Незнакомец прикрыл за собой дверь и в упор посмотрел на Григория Ивановича.
— Чехи захватили власть в Челябинске и Зауральске. Большой отряд белогвардейцев двигается по Закамалдинской дороге на Марамыш.
В кабинете наступила глубокая тишина. Тикали на стене ходики. В раскрытое окно из палисадника доносилась шумная возня воробьев. Русаков, как бы встряхнувшись от тяжелой вести, поспешно взял трубку телефона.
— Соедините с председателем исполкома. Федор, ты? Зайди ко мне. Что? Идет заседание? Прервать. Скажи коммунистам, чтоб не расходились!
Так же он нашел Шемета. Распорядился собрать по тревоге коммунистов.
Собрание коммунистов города было коротким.
— Товарищи! Для молодой Советской республики наступил тяжелый час испытания, — начал Русаков и, нашарив рукой верхнюю пуговицу гимнастерки, расстегнул ворот. — Челябинск и Зауральск пали. Чехи и белоказаки наступают на Марамыш. Опасность велика. — Григорий Иванович выдержал короткую паузу и, вкладывая горячую веру в свои слова, произнес пламенно: — Но мы с вами смело понесем великое знамя Ленина через бури и невзгоды гражданской войны и водрузим его в родном Зауралье!

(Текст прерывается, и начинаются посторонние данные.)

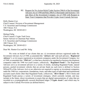 在文件中,SEC投资管理部门明确表示,若投资顾问选择州信托公司作为加密资产托管方,该机构将不会建议采取执法行动。这份文件是对律师事务所Simpson Thatcher & Bartlett致函的回应,该律所此前请求SEC就注册公司为客户托管加密资产时免于执法风险作出保证。

— Смерть паразитам! — выкрикнул гневно матрос и потряс кулаком.
Собравшиеся вскочили, тесным кольцом окружили Русакова.
Вставай проклятьем заклейменный,
Весь мир голодных и рабов! —
начал торжественно Григорий Иванович.
Кипит наш разум возмущенный
И в смертный бой вести готов… —
раздался страстный голос Христины. Взмахнув фуражкой, Епифан Батурин загремел басом:
…Это есть наш последний
И решительный бой,
С Интернационалом
Воспрянет род людской…
Легкий ветерок вынес слова гимна через раскрытые окна на улицу. Она поднималась все выше, звала к борьбе и победе.
Через час Христина выехала из города. Поднявшись на увал, с которого хорошо был виден Марамыш и косогор, где должны были показаться чехи и белоказаки, девушка прислушалась к призывному звону колоколов. По улицам к городской площади, где было здание уездного исполкома, шли рабочие пимокатных заводов. Проскакал кавалерийский эскадрон конной милиции, чеканя шаг, прошел отряд коммунистов. Их вели Русаков и Батурин. Замыкая колонну защитников города, следовала группа фронтовиков под командой матроса Осокина.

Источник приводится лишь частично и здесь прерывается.